◆ **Task objective**: What you return should be the lines from the one with "ஹோய்சால கோயில்களில் மாத்திரம்" through the one with "Студийный модный портрет" in the data below, reproduced exactly with both ends, and no pictures at all.

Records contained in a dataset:
.....
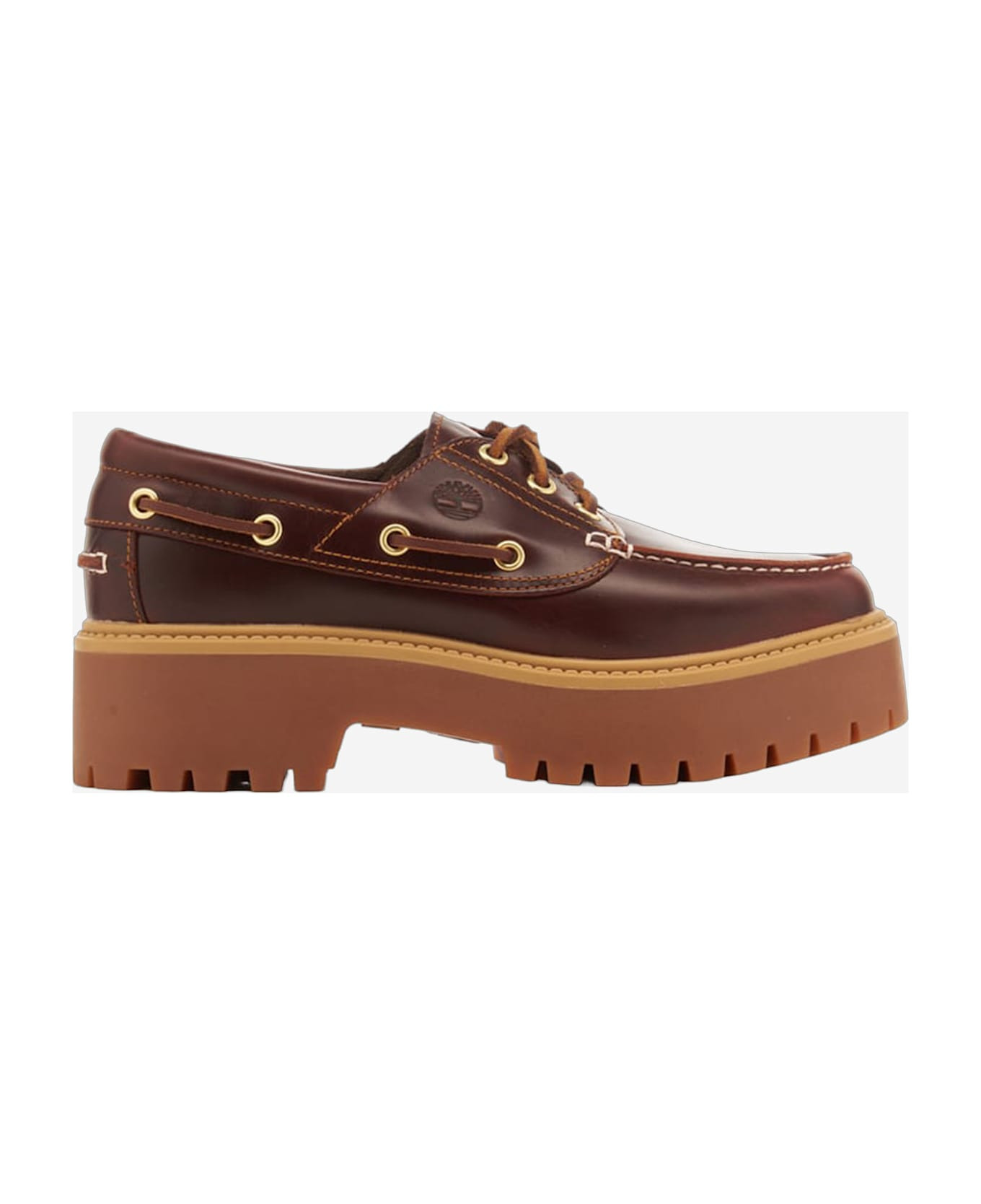 Loafers made from Timberland® Premium Leather and ReBOTL fabric 360° lacing Logo details Preformed rubber sole Brown Made in Bangladesh Composition: 100% leather Made in: Bangladesh Color: Brown Size and fit: - Size 7 Model number: TB0A2QDMD571
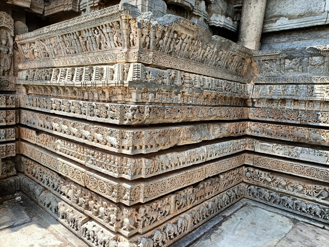ஹோய்சால கோயில்களில் மாத்திரம் சுவர், மற்றும் கோபுரங்கள் என்று ஒரு இடம் பாக்கி வைக்காமல் சிற்பங்களால் நிறைந்திருக்கும். இது கோயில் சாதாரணமாக கட்டிமுடித்தபின் சுவர்களிலும் கோபுரத்திலும் செதுக்கினார்களா அல்லது சிற்பங்கள் செதுக்கப்பட்ட ஒரே அளவு கற்களை அடுக்கி சுவர் எழுப்பினார்களா என்பதைப் புரிந்துகொள்ள முடியவில்லை.
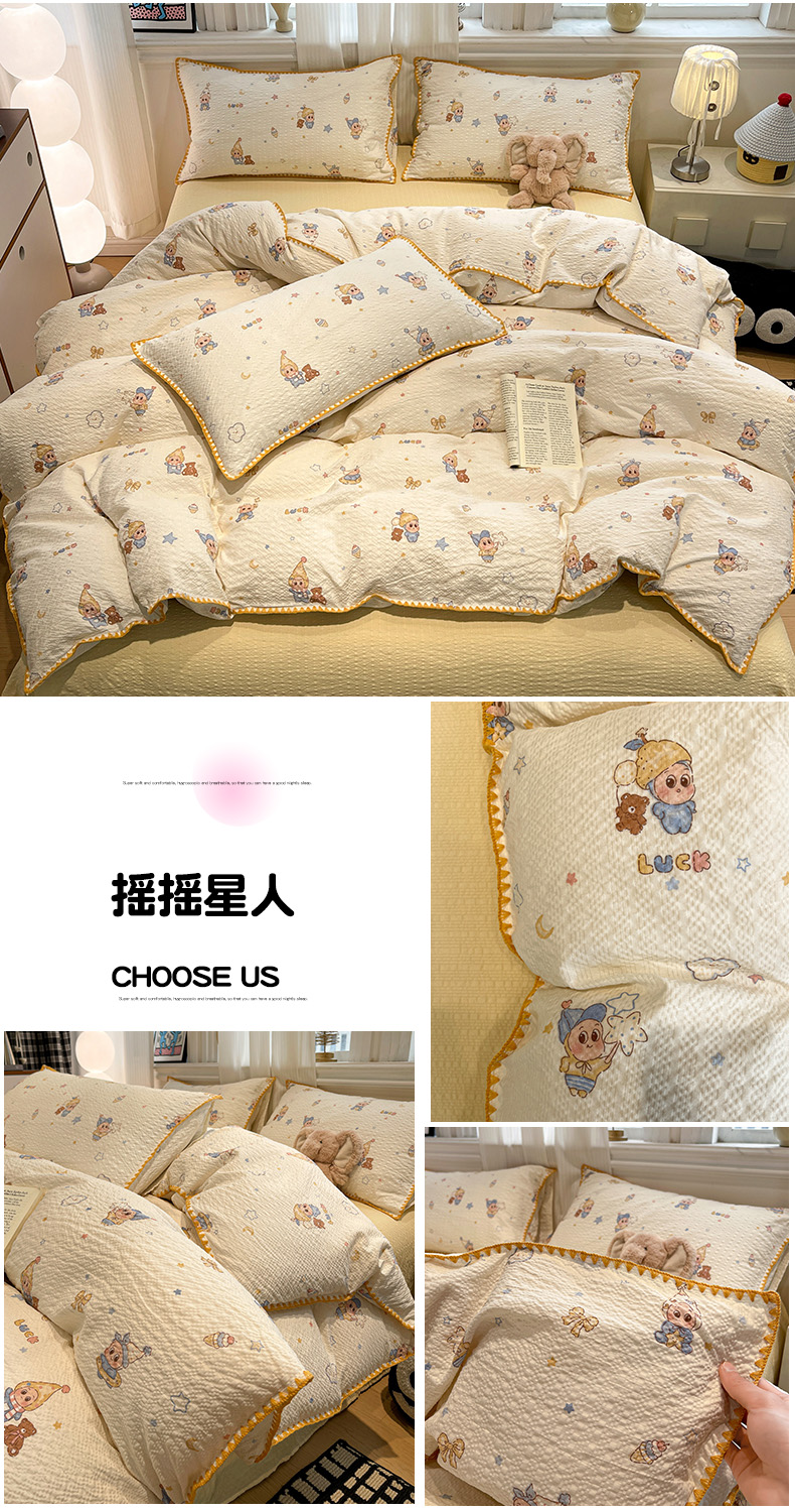仟网汇 2026新款云感泡芙棉小清新印花贝壳边四件套 蛋糕星人
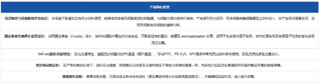 杭州斯達特生物科技有限公司自主研發(fā)的死活細胞染料(Fixable Viability Dye 545)(貨號:S0D0014),是一款具有高靈敏度、優(yōu)異固定兼容性及便捷操作特性的細胞活力分析染料產(chǎn)品。該染料采用胺基反應(yīng)性熒光標記技術(shù),能夠特異性標記死細胞,在流式細胞術(shù)免疫表型分析、多色方案設(shè)計、細胞功能研究及單細胞測序樣本質(zhì)控等領(lǐng)域具有重要應(yīng)用價值。
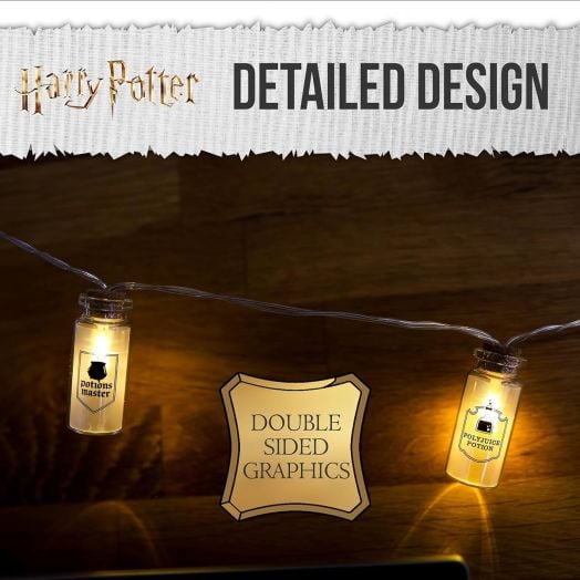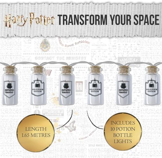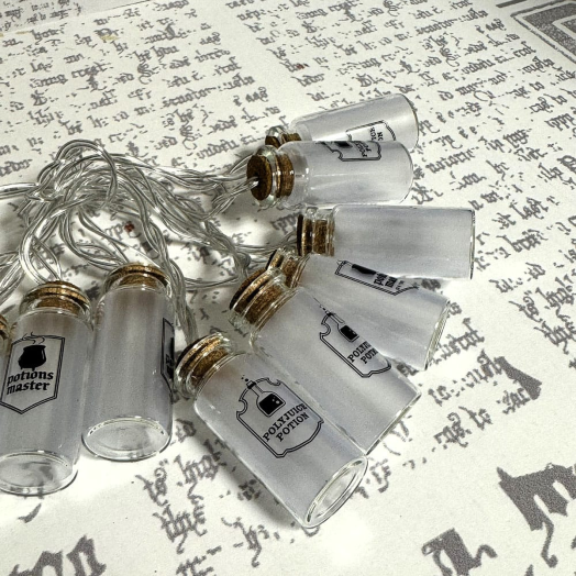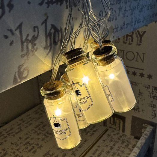 Внесете магия в дома си с тези очарователни лампички Хари Потър във форма на мини стъклени бутилчици за отвара, подредени като стилен светещ гирлянд.
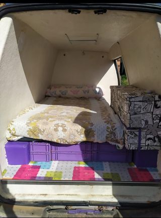 Furgo con todo lo necesario para iniciarte en el mundo Camper sin gastar mucho dinero, está equipada con batería auxiliar y tomas de 12v, luz interior, 2 neveras con un mueble aislante , cama de 1,05 con somier de láminas, cajas de almacenaje y claraboya con mosquitera. La ruedas delanteras están recién cambiadas. La pintura ya está un poco tocada. Pero de motor va perfecta , mejor oír el motor y probarla. No hago cambios, solo venta. Tiene 2 plazas delante
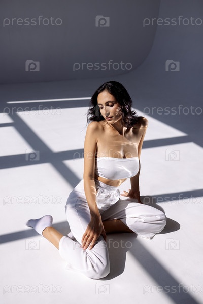 Студийный модный портрет очаровательной молодой женщины, сидящей с закрытыми глазами
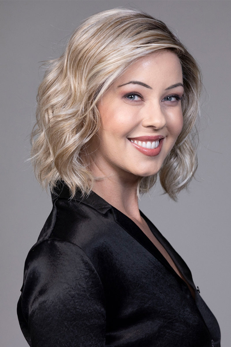 Now with an extended lace front. Caliente is a gorgeous addition to the Belle Tress Café Collection. A deconstructed wave meets the modern A-line bob. The special features include an extended lace front for a natural hairline. left lace part. unique knotting method for off-the-face styling. Slightly extended lengths toward the front and shorter blunt cut in the back creates the edgy attitude. Caliente is the hottest of the Café Collection by Belle Tress!
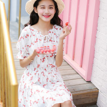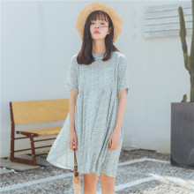 2017夏装新款甜美学院风宽松裙子韩版碎花雪纺中长款小清新连衣裙
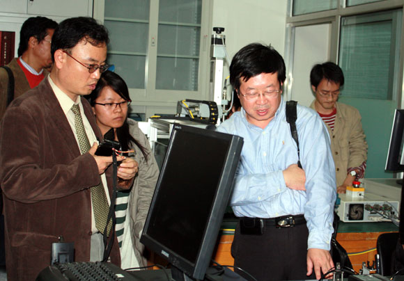 10月21日下午韩国釜山国立大学机械工程学院的赵允浩教授在我校机械与车辆工程学院会议室做了“超声导波无损检测技术”的学术报告,赵教授就超声导波无损检测技术、评估技术和理论等多个研究领域的现状和发展动态做了精彩的报告。会后赵教授在徐春广院长的陪同下参观了学院的机电控制与检测实验室。
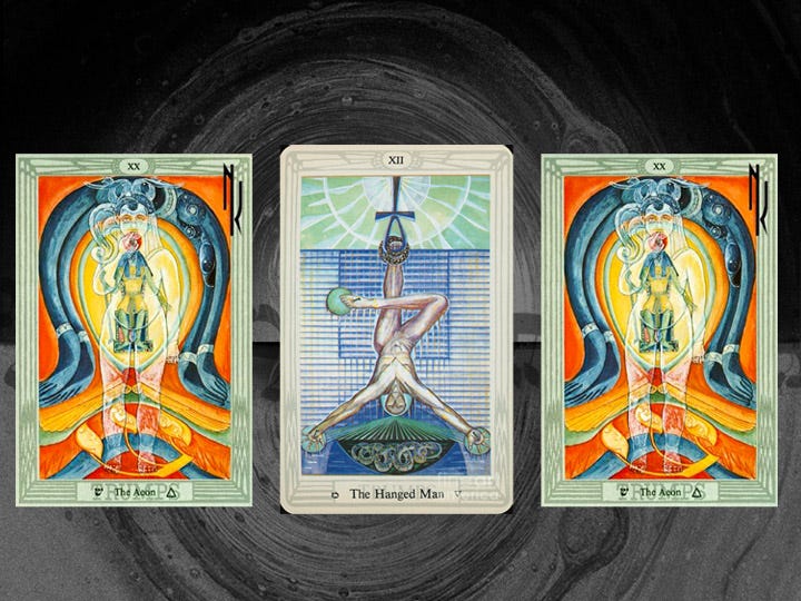 Let’s examine the solar principal of teth at work here. In astrology, the Sun represents the source of light, spirituality and the fountain of intellect in the nativity. The Sun has its joy in the ninth house, the house of religion, higher learning and philosophy. It is one of the primary sources of vitality in the natal chart. In Hebrew the Sun is called שמש, Shemesh and has the value of 640 in gematria. There are a few important aspects here, first that the spelling of the word contains the letter for elemental fire, ש, shin, enclosing the letter for elemental water, מ, mem. One could easily imagine that these shins and mems might repeat forever, משמשמשמש on and on, signifying something like a waveform fluctuation between two states, one internal and one external. If we put the corresponding tarot trumps together that spell the word, we would have the Hanged Man flanked by two Aeons. We get the sense that this is a fundamental force of nature, of contrasting between the microcosm of the Aeon and the macrocosmic introspection of the Hanged Man.
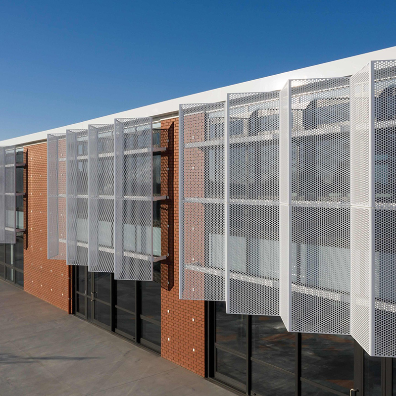穿孔金屬板廣泛用于外部陽(yáng)光控制系統(tǒng)。 為此,面板使人們享受舒適的工作環(huán)境而不會(huì)刺眼的陽(yáng)光,并保持空氣流入建筑物并調(diào)節(jié)溫度。 此外,這種采用也為建筑外墻增添了活力。 穿孔金屬防曬霜的最佳選擇材料是鋁或鋁合金。 成品具有很高的強(qiáng)度重量比,即使在長(zhǎng)期的陽(yáng)光照射下也能抵抗老化。
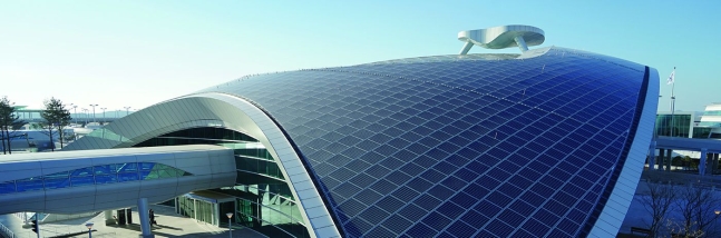 ▲仁川国際空港第2旅客ターミナルの上に設置された太陽光発電設備。/仁川空港公社
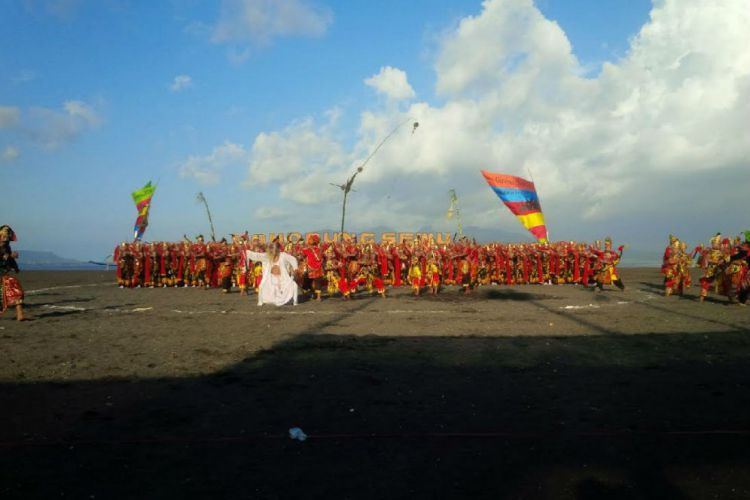 Merdeka.com, Banyuwangi - Sekitar pukul 15.00 WIB pertunjukan kolosal Tari Gandrung Sewu di Pantai Boom, Banyuwangi, dibuka Wakil Bupati Yusuf Widiatmoko, Sabtu (17/9). Festival Gandrung Sewu yang kali kelima mengambil tema: "Seblang Lukinto."
.....
◆ **Exercise output**:
ஹோய்சால கோயில்களில் மாத்திரம் சுவர், மற்றும் கோபுரங்கள் என்று ஒரு இடம் பாக்கி வைக்காமல் சிற்பங்களால் நிறைந்திருக்கும். இது கோயில் சாதாரணமாக கட்டிமுடித்தபின் சுவர்களிலும் கோபுரத்திலும் செதுக்கினார்களா அல்லது சிற்பங்கள் செதுக்கப்பட்ட ஒரே அளவு கற்களை அடுக்கி சுவர் எழுப்பினார்களா என்பதைப் புரிந்துகொள்ள முடியவில்லை.
仟网汇 2026新款云感泡芙棉小清新印花贝壳边四件套 蛋糕星人
 杭州斯達特生物科技有限公司自主研發(fā)的死活細胞染料(Fixable Viability Dye 545)(貨號:S0D0014),是一款具有高靈敏度、優(yōu)異固定兼容性及便捷操作特性的細胞活力分析染料產(chǎn)品。該染料采用胺基反應(yīng)性熒光標記技術(shù),能夠特異性標記死細胞,在流式細胞術(shù)免疫表型分析、多色方案設(shè)計、細胞功能研究及單細胞測序樣本質(zhì)控等領(lǐng)域具有重要應(yīng)用價值。
 Внесете магия в дома си с тези очарователни лампички Хари Потър във форма на мини стъклени бутилчици за отвара, подредени като стилен светещ гирлянд.
 Furgo con todo lo necesario para iniciarte en el mundo Camper sin gastar mucho dinero, está equipada con batería auxiliar y tomas de 12v, luz interior, 2 neveras con un mueble aislante , cama de 1,05 con somier de láminas, cajas de almacenaje y claraboya con mosquitera. La ruedas delanteras están recién cambiadas. La pintura ya está un poco tocada. Pero de motor va perfecta , mejor oír el motor y probarla. No hago cambios, solo venta. Tiene 2 plazas delante
 Студийный модный портрет очаровательной молодой женщины, сидящей с закрытыми глазами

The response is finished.